12 parts by weight of sodium bisulfite were added to 20 parts by weight of isopropanol, stirred for 2 hours. One part polyester carbonate (meth-) acrylate was added to the resulting mixture. The resulting mixture was stirred 24 hours at 20 ° C. The obtained sulfopolymer was washed to a neutral reaction of wastewater and dried to constant weight at 50 ÷ 70 ° C. Received sulfonopolyether carbonate (meth-) acrylate with an ion exchange capacity of 5.7 mEq / g

Achievement of the technical result for various sulfonating agents, ceteris paribus, are given in Table 1.

Table 1 Sulfonating agent Exchange capacity, mEq / g sulphuric acid 7.0 chlorosulfonic acid 6.3 sulfamic acid 2.1 acetyl sulfate 5.8 sodium bisulfite 5.7

Achievement of the technical result for various solvents in the conditions of example 1 are shown in Table 2.

table 2 Solvent Exchange capacity, mEq / g acetone 5.3 DMF 6.4 diethyl ether 5.5 acetic acid 5.9 diethylamine 2.0 ethanol 4.8 water 7.0

Thus, the present invention allows to obtain an ion-exchange material with desired properties in a simple, hardware-based, economically feasible and environmentally friendly way by varying two parameters - the type and time of exposure to the sulfonating agent and the selection of solvent.
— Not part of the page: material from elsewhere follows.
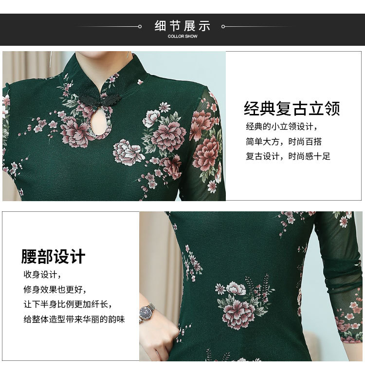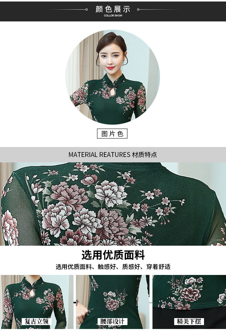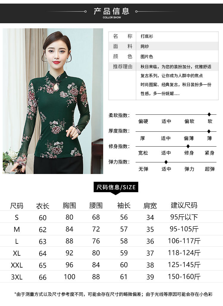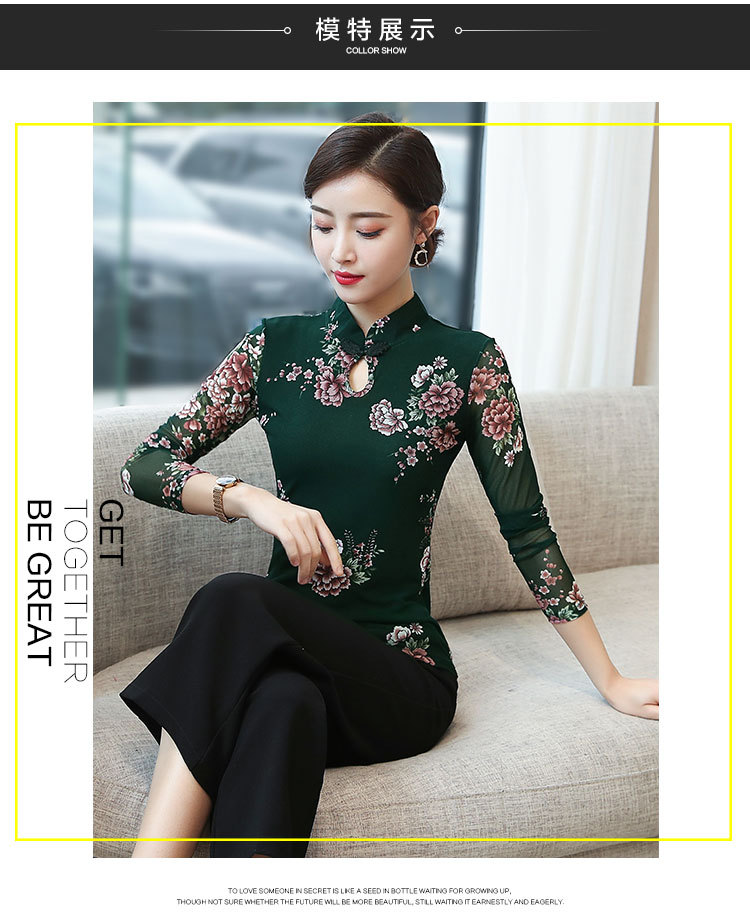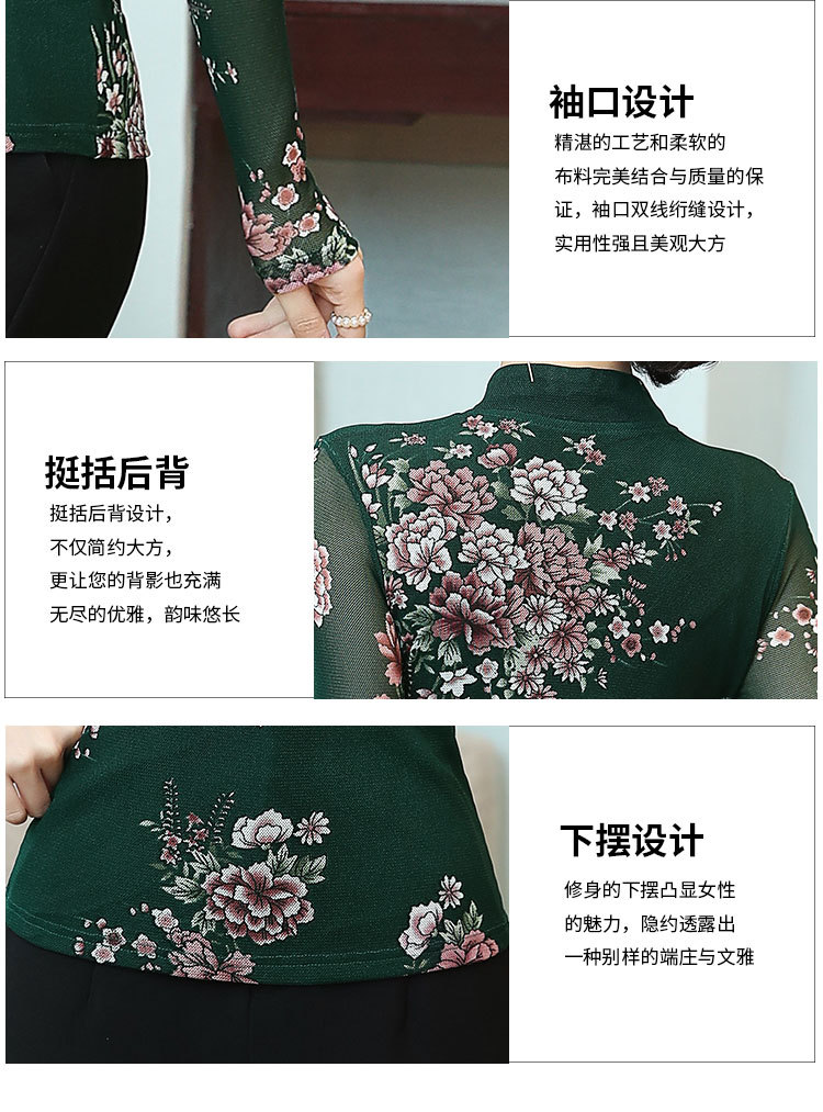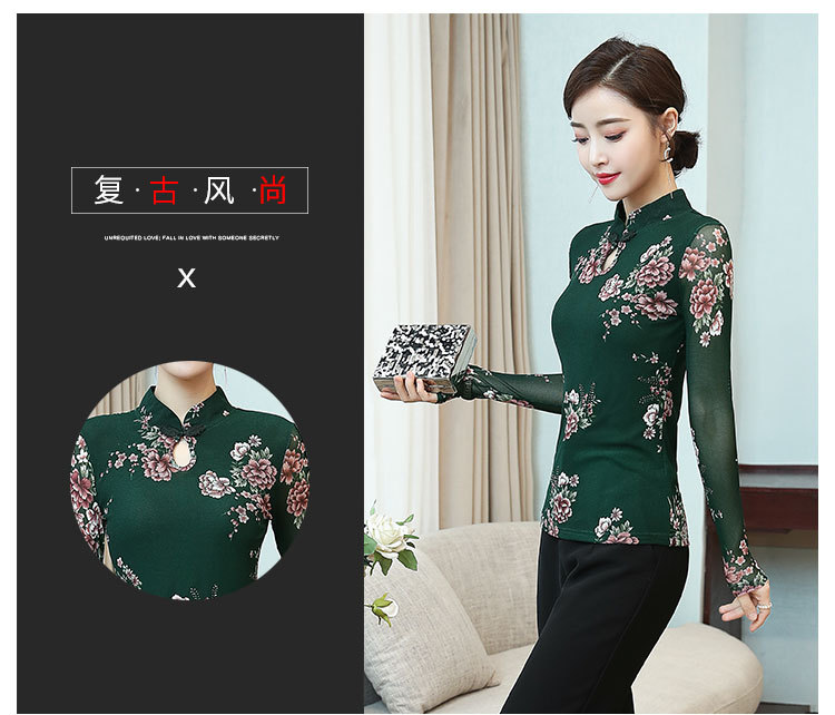 JL-571新款民族风立领 盘扣网纱蕾丝印花长袖女T恤

By fixing one of the parameters, it is possible to purposefully obtain a product with specified properties, i.e. with an ion exchange capacity of 2 to 7 mEq / g.

Claims (3)

1. A method of obtaining a permeable ion-exchange material, which consists in preparing a solution of a sulfonating agent in a polar solvent and adding polymer in an amount that ensures nominal sulfonation of the repeating polymer units, the resulting mixture is stirred for 1 ÷ 24 hours, the obtained sulfopolymer is washed with water and dried to constant mass by evaporation at a temperature of 50 ÷ 70 ° C by vacuum drying or natural evaporation in an open environment, characterized in that polyester carbonate is used as a polymer (me -) acrylate, and the sulfonating agent is selected from the series: sulfuric acid, chlorosulfonic acid, sulfamic acid, acetylsulfate, sodium bisulfite, the process is carried out in polar solvents such as water, primary alcohols: methyl, ethyl, isopropyl, amines: diethylamine, triethylamine, acetone, diethyl ether, carboxylic acids: formic, acetic, esters and amides of carboxylic acids: methyl, ethyl, butyl acetate, dimethyl sulfoxide, dimethylformamide, dimethylacetamide. 2. The method according to claim 1, characterized in that the mixing of the mixture of sulfonating agent and the polymer is carried out at a temperature of 20 ÷ 50 ° C. 3. The method according to claim 1, characterized in that in the obtained sulfopolymer before the stage of washing with water, the protons of sulfo groups are additionally replaced with monovalent, divalent, trivalent, tetravalent counterions by adding their equimolar amounts.